Epsilon, a unit of Alliance Data Systems Corp (ADS.N), said on Friday that a person outside the company hacked into some of its clients' customer files.
The vendor sends over 40 billion email ads and offers annually, usually to people who register for a company's website and or give their email addresses while shopping. Some of Epsilon's other clients include Verizon (VZ.N), Blackstone Group LP's (BX.N) Hilton Hotels, Kraft KFT.N, and AstraZeneca (AZN.L).
Kroger, the biggest U.S. supermarket operator, said it told customers on Friday that the database storing their names and email addresses had been breached. No other personal information was exposed in the breach, Kroger said.

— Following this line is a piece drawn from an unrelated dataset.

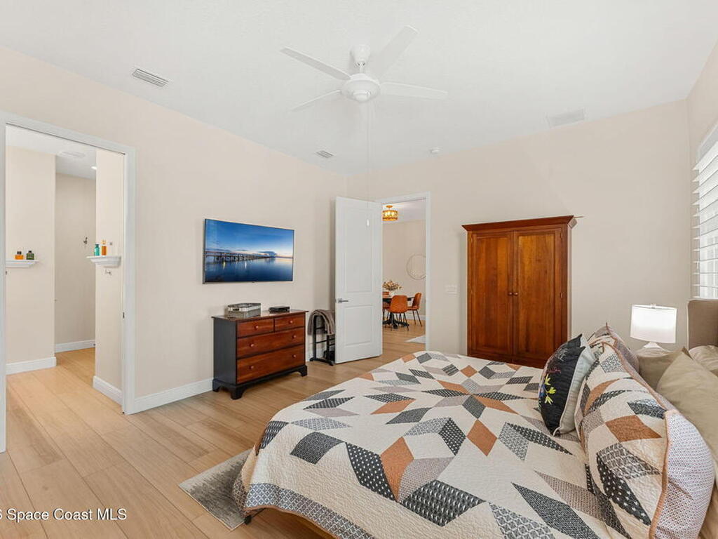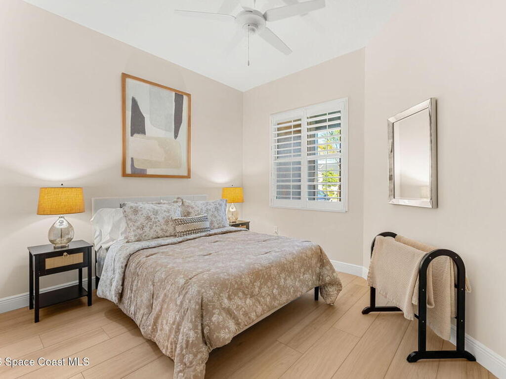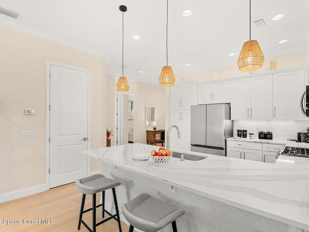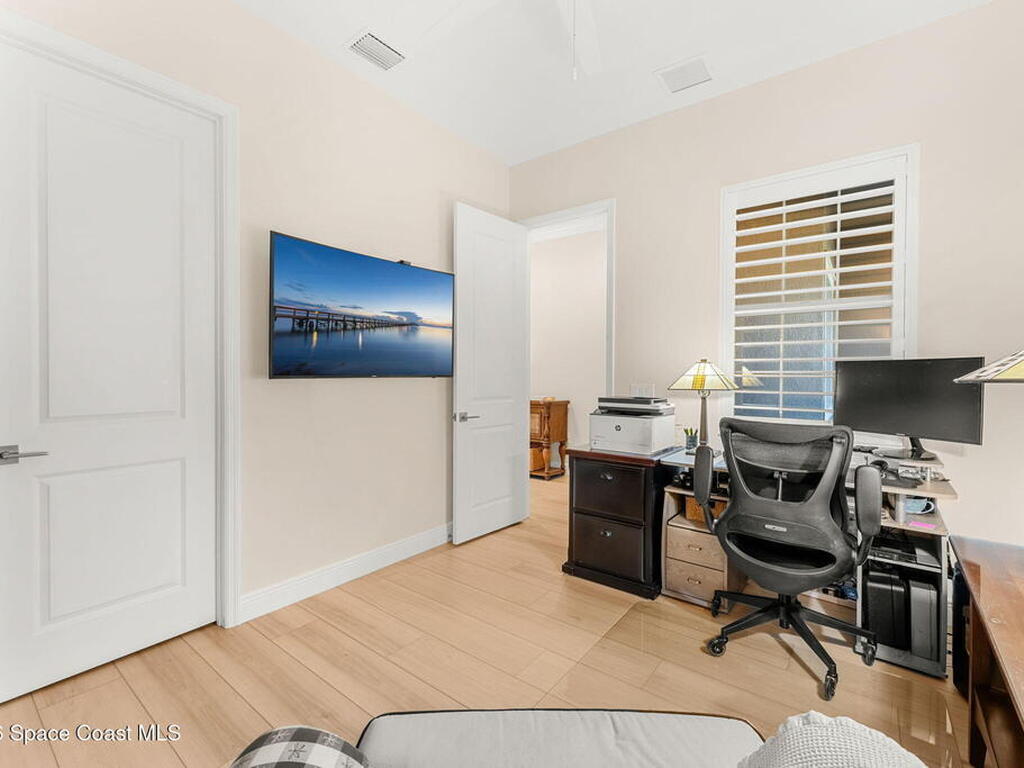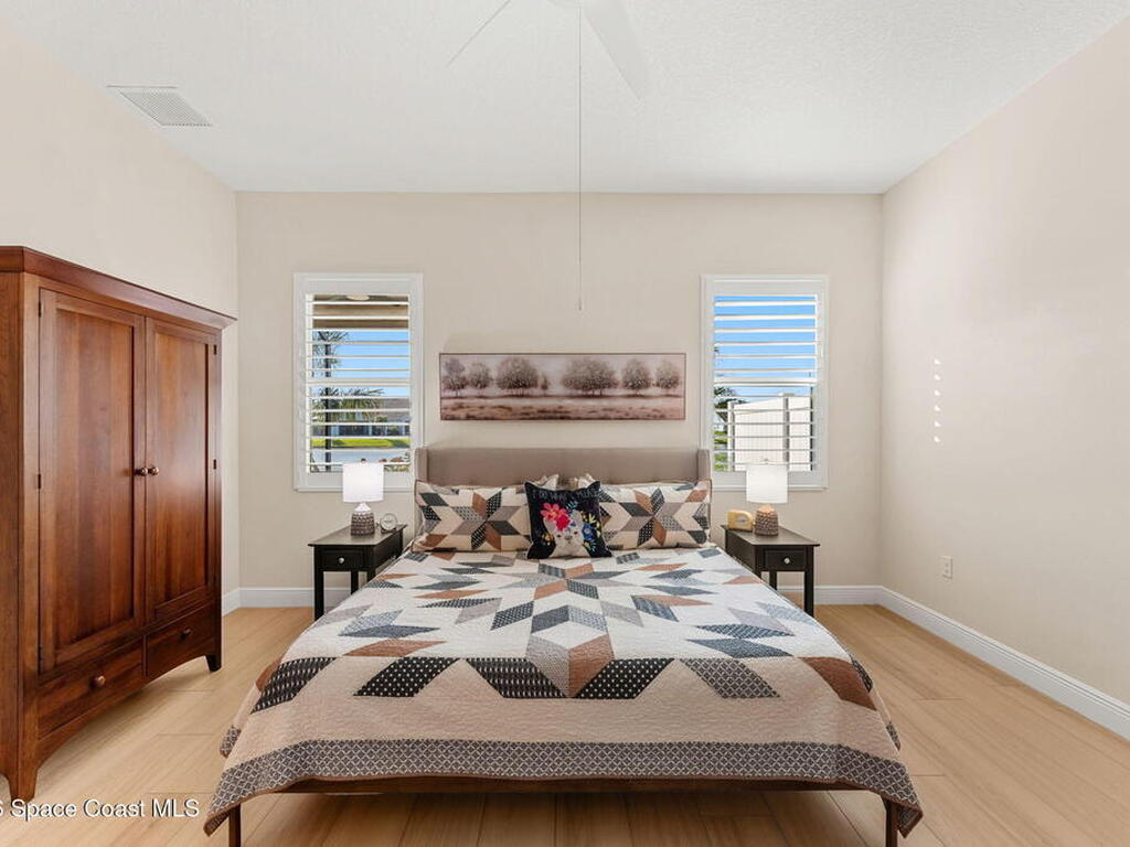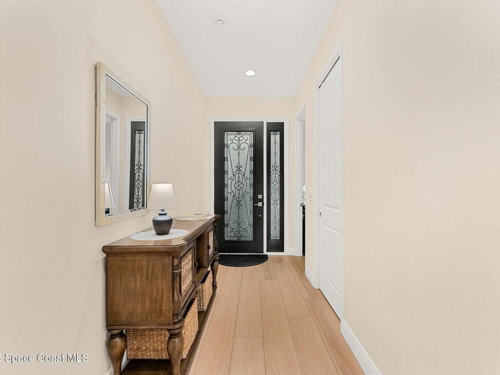 If you've been dreaming of the Viera lifestyle without the typical Viera price tag, this is the one. Built in 2024 and thoughtfully upgraded from top to bottom, this 3 bedroom, 2 bath home offers the ease of townhouse living with the feel of a custom residence. From the moment you step inside, you'll notice the difference. Luxury vinyl plank flooring, upgraded cabinetry, premium countertops, designer tile details and custom touches throughout create a space that feels polished, comfortable and completely move in ready. The owners have gone beyond the builder basics with a whole home water softener, custom closets, window treatments, upgraded fixtures and a beautifully finished primary bath with a frameless glass shower. (See upgrade list attached) Step outside and enjoy peaceful pond views from the screened lanai, unwind on the extended paver patio, and take advantage of the built in natural gas grill connection with additional paver space designed for easy outdoor entertaining.

JPMorgan Chase, the second-largest U.S. bank, said some of its customers' e-mail addresses were part of the data breach.
Epsilon told the bank that the accessed files did not include any customers' financial information, but JPMorgan Chase is "actively investigating to confirm this," the bank said in a statement.
The vendor said separately that "a full investigation is under way." The data breach exposed only customer names and e-mail addresses, and Epsilon said that "no other personal identifiable information associated with those names was at risk."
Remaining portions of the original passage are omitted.